Is there a way to block a thread forever on freestanding targets without resorting to inline asm?

The simplest way would be to loop forever loading or storing to a volatile global. I believe LLVM understands that it isn't allowed to fold those even if it can prove that they're the only accesses.

[RalfJung]

although it unfortunately ties IR even more to C/C++ semantics.

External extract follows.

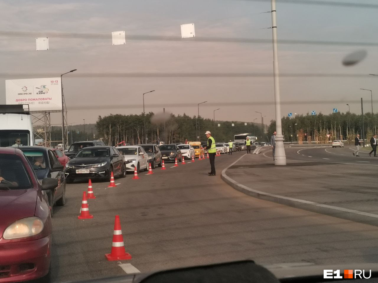 Сегодня в Екатеринбурге открылась выставка «Иннопром-2023». Желающих попасть туда в первый же день оказалось так много, что на Кольцовском тракте скопилась гигантская пробка. Автомобили стоят в три ряда и, кажется, практически не двигаются с места.

Well it's really part of LLVM's mustprogress attribute. LLVM itself documents that atomics count as making progress. So this optimization violates what is written in the LangRef.

If there's no mustprogress then atomics can be removed without replacement.

[efriedma-quic]

For reference:

• The relevant standard paragraph here is actually [intro.progess]p1: "The implementation may assume that any thread will eventually do one of the following [...]".
• The relevant bit of LangRef: https://llvm.org/docs/LangRef.html#langref-mustprogress .

it unfortunately ties IR even more to C/C++ semantics

The definition of "mustprogress" is already tied to C++ semantics, and I don't think there's any way around that. Maybe we can figure out some way to avoid complicating programs that aren't using "mustprogress" markings.

This is obviously not true. You can, for example, wait on an std::condition_variable (which is also a lot more efficient because it indicates to the OS that the thread is idle).

Should have clarified with "...on freestanding" (since that is what I'm targetting).

If your environment has threads, it should provide some way for a thread to block without spinning the CPU, and you should probably use it.

Otherwise, a loop involving a volatile operation or asm(""); should be reliable. (You mention "very sub-optimal code", but if the CPU isn't doing any useful work anyway, I can't see how that matters.) Or you can use -fno-finite-loops to turn off the relevant optimizations.

[gonzalobg]

If your environment has threads, it should provide some way for a thread to block without spinning the CPU, and you should probably use it.

Both C++ and clang support environments with threads that don't provide this.

You mention "very sub-optimal code", but if the CPU isn't doing any useful work anyway, I can't see how that matters.

Both C++ and clang support environments with more than one hardware thread, on which a hardware thread spinning doing nothing is significantly better than spinning by bombarding the memory subsystem with useless requests that may slow down the progress of other threads.

Or you can use -fno-finite-loops to turn off the relevant optimizations. Otherwise, a loop involving a volatile operation or asm("");

The -fno-finite-loops seems like a pretty big hammer with wide performance impact. Spinning on a volatile asm("") sounds reasonable.

[rjmccall]

Both C++ and clang support environments with more than one hardware thread, on which a hardware thread spinning doing nothing is significantly better than spinning by bombarding the memory subsystem with useless requests that may slow down the progress of other threads.

Your idiom has the same impact on the memory subsystem as loading from a volatile global would.

[gonzalobg]

Your idiom has the same impact on the memory subsystem as loading from a volatile global would.

AFAICT, C++ compilers are allowed to lower the volatile and atomic implementations of the idiom to the equivalent of:

LABEL:  jump LABEL;

on most hardware architectures, since the effects of atomic or volatile ops on a private automatic variable that is not escaped can't be observed by the program.

Your point is therefore not obvious to me. Are you claiming that the impact of moving the stack pointer back by one instruction on the memory subsystem is the same as that of issuing an actual load for all hardware?

[rjmccall]

I agree that it's easier to optimize your idiom. I'm just saying that the compilers which aren't miscompiling it do not in fact optimize away the load, so the idiom's performance benefit over a volatile load is currently just theoretical. Also, in practice both patterns will just hit L1 forever and never bother the rest of memory.

[gonzalobg]

@rjmccall

Also, in practice both patterns will just hit L1 forever and never bother the rest of memory.

This does not hold for many environments clang supports. For example, the NVPTX backend will spill the automatic variable to local memory and perform local memory accesses while spinning.